I use a function defined above to save a plot at each iteration of the loop, then I combine all of the plots into an attractively animated GIF.
#for GIF generation
t=0
frames = []
while error != 0:
#for each point find centroid
for i in range(len(dt)):
distances = distance(dt[i], centroids_list)
cluster = np.argmin(distances) #returns index of min value
clusters[i] = cluster # ger cluster for i element
#copy current centroid list to 'old' list, for the first loop = centroids_list -> random, old -> empty
centroids_list_old = deepcopy(centroids_list)
#recalculate centroids
for i in range(k):
points = [dt[x] for x in range(len(dt)) if clusters[x] == i]
centroids_list[i] = np.mean(points, axis=0)
error = distance(centroids_list, centroids_list_old, None)
#plot
df_plot = pd.DataFrame()
for i in range(k):
points = [np.append(dt[j],i) for j in range(len(dt)) if clusters[j] == i]
df_temp = pd.DataFrame(points, columns=['x','y','label'])
df_plot = pd.concat([df_plot,df_temp])
plot_data(df_plot, centroids_list, labels=True, show=False, save=True)
t += 1
Below is the code to generate GIF using imageio library:
# Gif generation
frames = []
for t in range(t):
image = imageio.v2.imread(f'./images_kmeans/img_{t}.png')
frames.append(image)
imageio.mimsave('./example.gif', frames, fps = 2)
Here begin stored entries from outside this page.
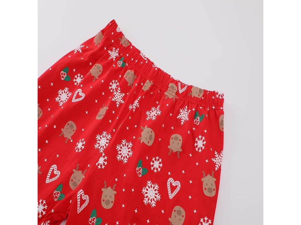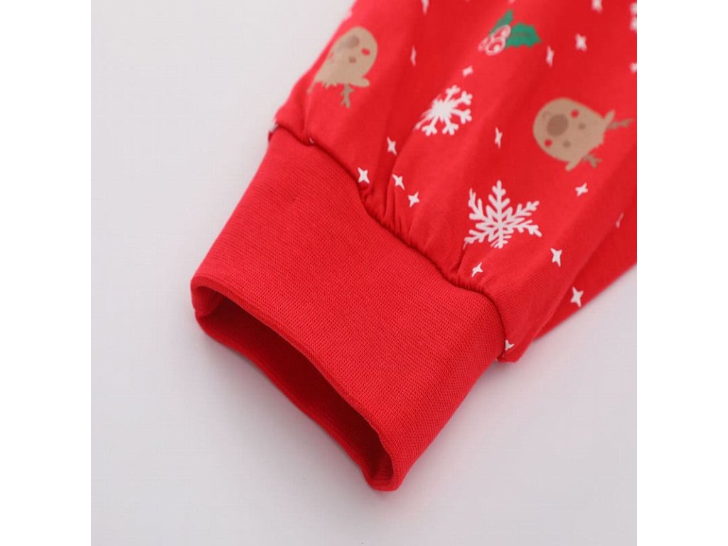 Pyžamko má rukávy i nohavice zakončené do nápletu, takže krásně drží tvar, nevyhrnuje se a udržuje teplo i během chladných zimních večerů. Díky volnému střihu se v něm děti mohou bez omezení protahovat, hrát si nebo užívat vánoční pohodu při pohádkách.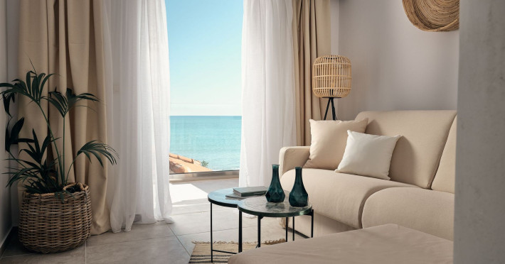 Shellona Luxury Rooms & Apartments is a magnificent beachfront apartment complex, located in the famous area of Laganas. It is a wonderful choice for everyone seeking truly relaxing holidays, either alone or with family and friends. The complex was renovated in 2020, with eco-friendliness in mind and with the use of eco-friendly materials.The complex consists of 3 buildings, offering 26 rooms in total: 11 double, 13 triple rooms, 1 baby suite and 1 apartment with 3 bedrooms. The building on the beachfront is named A, and offers 5 rooms, whereas Building B is on the back of the complex, offering 10 rooms. Finally, the 3rd building named C is located behind building B and all 11 rooms are double.The apartment complex is spread upon three levels (ground, first and second floor) and most of the rooms of building A & B offer a view of the sea, whereas all the rooms of building C offer garden views.Additionally, a few meters away, the guests will find a family restaurant under the same ownership, where they can enjoy the large and hearty breakfast and taste a wide variety of both traditional and international recipes.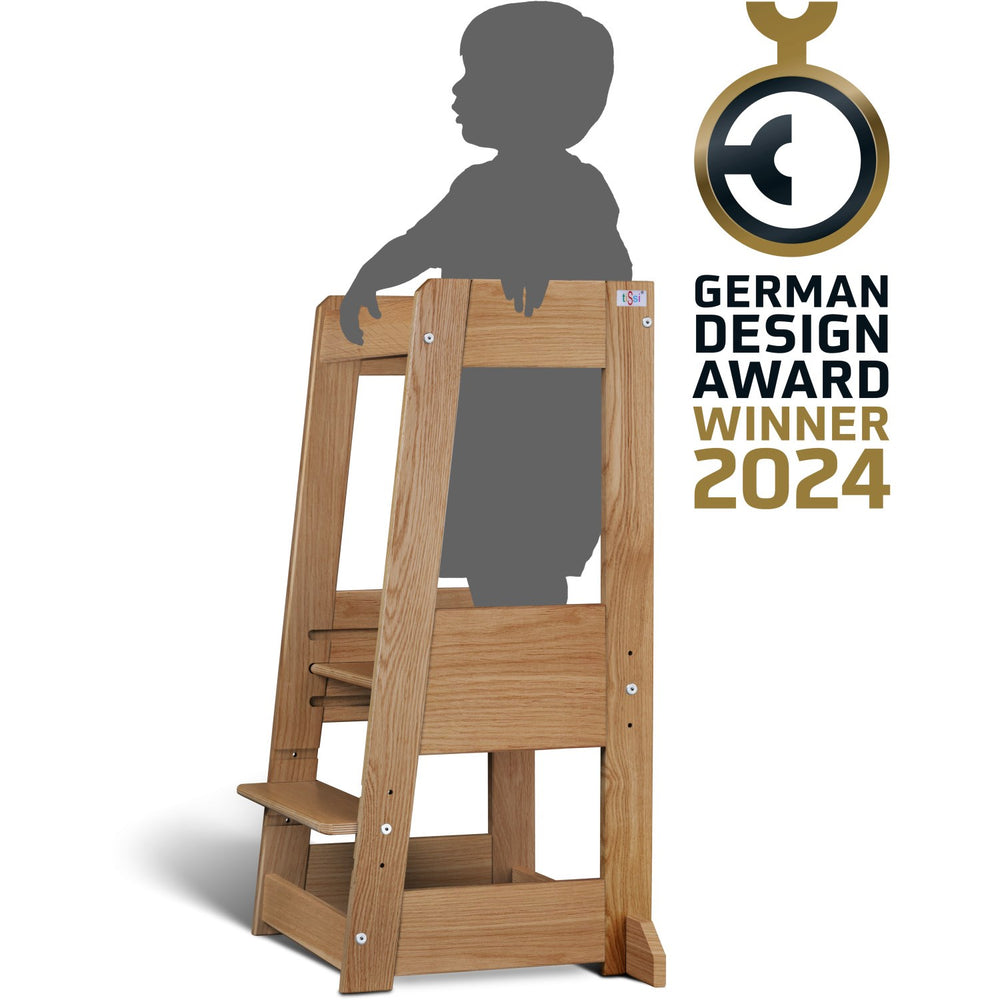 tiSsi® Nature Felix Læringstårn i massiv eg giver dit barn mulighed for at nå nye højder sikkert og trygt. Med justerbare højder vokser tårnet sammen med dit barn, hvilket sikrer optimal anvendelse fra 1 til 4 år. Læringstårnet fremmer barnets deltagelse i køkkenaktiviteter, hvilket understøtter udviklingen af sociale færdigheder og sprog. Robust design og høj sikkerhedsstandard gør det til en ideel partner i barnets første opdagelsesrejser ved familiens side. Perfekt til en hverdag, hvor samvær og læring går hånd i hånd.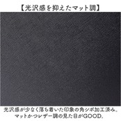 ・光沢感が少なく落ち着いた印象の角シボ加工済み。マットかつレザー調の見た目がGOOD。

Here is an example of how I might compare my implementation of the k-means algorithm with the implementation provided by scikit-learn to ensure that my implementation is correct:
from sklearn.cluster import KMeans
kmeans = KMeans(n_clusters=k)
kmeans = kmeans.fit(dt)
labels = kmeans.predict(dt)
centroids = kmeans.cluster_centers_
print("My code")
print(centroids_list)
print("sklearn")
print(centroids)
My implementation and scikit-learn produce the same results so the code above is working correctly.
I hope this post has helped you understand the mechanics of the algorithm and how it works. Thanks for reading!